Le caractère de la coupe conserve, aux yeux de M. de Witte, toute sa signification. Elle se rattache à l'art étrusque ou grec, M. de Witte n'en doute point. Quant à l'authenticité de la présence de la coupe dans le cimetière gaulois, elle est parfaitement établie. M. Hanusse aime l'antiquité, il l'a respecte; son caractère est donc une garantie. De plus, il n'avait aucun intérêt pour altérer les faits, et ses dépositions sont toujours concordantes et invariables. Enfin, la découverte de Somme-Bionne se présente dans des conditions qui ont déjà été observées dans d'autres contrées, c'est là une grande présomption en faveur de la pureté de la découverte de Somme-Bionne. On n'improvise pas, du reste, un vase étrusque, pour agrémenter la découverte d'un char gaulois, et il n'est pas à la portée d'un ouvrier, quelque intelligent qu'on le suppose, de réunir un ensemble d'objets constitués d'une manière conforme aux meilleures observations archéologiques.
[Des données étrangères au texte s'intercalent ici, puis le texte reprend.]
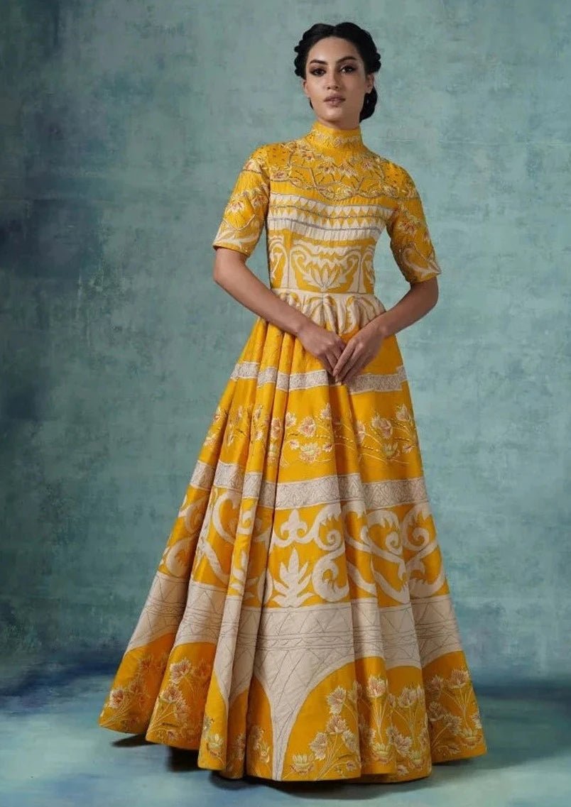 A high neck gown in yellow and white appliqué work and beautiful embroidery on Linen Silk base. The gown has a voluminous flair.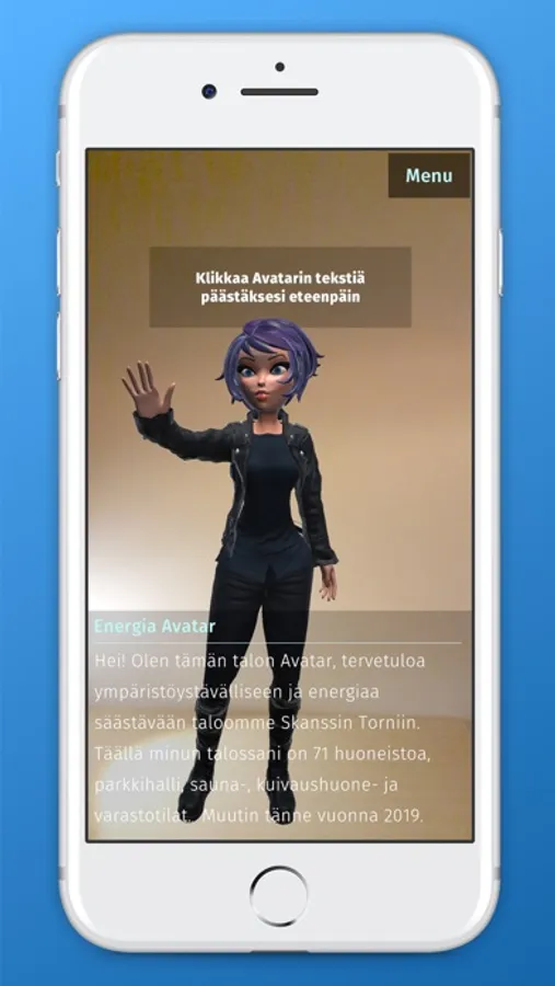 Sovelluksen avulla saat kutsuttua energia avatarin luoksesi lisättyä todellisuutta hyödyntäen. Osoita vain kamerasi lattialle ja napauta ruudulla näkyvää kohdistinta kutsuaksesi avatarin.

Deux vases, trouvés dans une sépulture gauloise, à Bergère-sur-Vertus, rentrent également dans la catégorie

des objets qui nous occupent. L'un de ces vases porte comme ornement des chevrons en relief rouge, sur un fond brun foncé. Les décors sont évidemment empruntés à l'art étrusque qui employait fréquemment les chevrons dans ses ornementations. L'autre vase porte des grecques très-pures accompagnées d'un pointillage en relief, de même que les grecques dont il décrit tous les contours. Les dessins étaient en couleur rouge sur un fond brun trèsfoncé.

Il y a déjà longtemps, on a découvert à Chouilly un vase en terre brune, dont les ornements couleur de vermillon représentent des grecques et d'autres dessins composés de lignes qui s'entrecroisent. Ce vase est conservé à la bibliothèque d'Epernay, à laquelle il a été offert par M. Moët. D'autres vases trouvés dans la vallée de la Suippes présentent une ornementation imitée de l'art grec.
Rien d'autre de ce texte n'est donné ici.